The following code files contain the code for this phase:

"Code files/Phase 1 development files/sign_alphabet_train_model.py"
"Code files/Phase 1 development files/run_sign_language_alphabet_detector.py"

Here is a video of the final result of Phase 1.

Sign.language.recognition.final.mp4

Phase 1 was a success (mostly). I created a custom neural network that could classify images from my webcam and identify letters of the alphabet. The model accuracy wasn't perfect, but it was enough of a proof of concept to justify moving to phase 2.

Phase 2 - Word level recognition

In sign language, words are more complex than the alphabet. Here is a video of someone signing the word 'book'.

07068.mov

As you can see, there is movement involved. In sign language, most words cannot be identified from a single image. Phase 2 of the project had basically the same goals as phase 1, but using videos instead of still images.

For phase 2, I had 2 main goals.

  1. Train a model that can classify video clips of ASL words.
  2. Run the model in real time using video from my webcam.

Blog posts 5 - 15 are related to phase 2

  1. Graduating from the alphabet to words
  2. Training a model for video identification
  3. Reorganizing and inspecting the dataset
  4. Training a model for video identification
  5. Setting up the real-time video classification
  6. Scaling up the model
  7. Switching to a pose estimation approach
  8. Increasing the holistic feature model vocabulary
  9. Refactoring to improve program speed
  10. Implementing the new holistic cropping approach
  11. Testing the final model

The code for these posts is available in '\Code files\Phase 2 development and test files'. However, these files are not well organized and may be difficult to follow. I recommend reading through the blog posts which include important sections of code and accompanying explanations. The final program is available in '\Code files\ASL_word_detector_main.py'.

Several different methods were used in Phase 2. A generic CNN based feature extractor was tested as well as the YOLOv5 model for object detection. In the end, both of these appraoches were abandoned in favour of the mediapipe Holistic model.

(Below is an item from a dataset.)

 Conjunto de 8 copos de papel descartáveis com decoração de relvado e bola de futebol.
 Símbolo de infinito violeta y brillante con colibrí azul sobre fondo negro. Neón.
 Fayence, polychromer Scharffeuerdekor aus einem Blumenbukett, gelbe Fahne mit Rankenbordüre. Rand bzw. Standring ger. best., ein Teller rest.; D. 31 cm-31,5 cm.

The mediapipe model tracks body landmarks. Then, a custom cropping function draws a bounding box around the points that were generated by the Holistic model. Below is an example of the holistic model landmark tracking. The coordinates of these landmarks were used as features and passed to a custom classification model.

holistic.and.cropping.shown.mov

The custom classification model used GRU layers followed by several dense layers. The classification model was trained to identify 100 different words. Below is an example of the program in action. In the below example, the program recorded 2 seconds of video then classified that 2 second clip. In later versions of the code (such as the examples at the top of the page) this 2 second interval was reduced to 1 second.

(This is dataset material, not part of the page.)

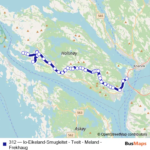 The first stop of the 312 bus route is Io snuplass and the last stop is Flatøy terminal. 312 (Io-Eikeland-Smugleitet - Tveit - Meland - Frekhaug) is operational during everyday.

mother.want.son.study.but.son.decide.play.basketball.mov

The final classification model reached a validation accuracy of 91.74%. When tested on myself performing all 100 sign language words, the model correctly identified 78 words on the first try and 94 of the words in 3 tries or fewer. Overall I am pleased with the model performance.

What I learned

The project provided an opportunity to practice a variety of python libraries and machine learning techniques.

In this project I worked with tensorflow, keras, opencv, pandas, and numpy libraries, among others. I used transfer learning for feature extraction as well as object detection with the YOLOv5 model. I identified problem with the model and dataset, and came up with solutions to improve classification performance. This included abandoning the aforementioned YOLOv5 model and re-factoring the code in order to run the code in real-time. The final program uses the mediapipe Holistic model for feature extraction and a custom GRU neural network for classification.

Thank you for taking the time to check out my project!

sign-language-recognition's People

Contributors

spardoel avatar

Watchers

 avatar

Recommend Projects

  • React photo React

    A declarative, efficient, and flexible JavaScript library for building user interfaces.

  • Vue.js photo Vue.js

    ๐Ÿ–– Vue.js is a progressive, incrementally-adoptable JavaScript framework for building UI on the web.

  • Typescript photo Typescript

    TypeScript is a superset of JavaScript that compiles to clean JavaScript output.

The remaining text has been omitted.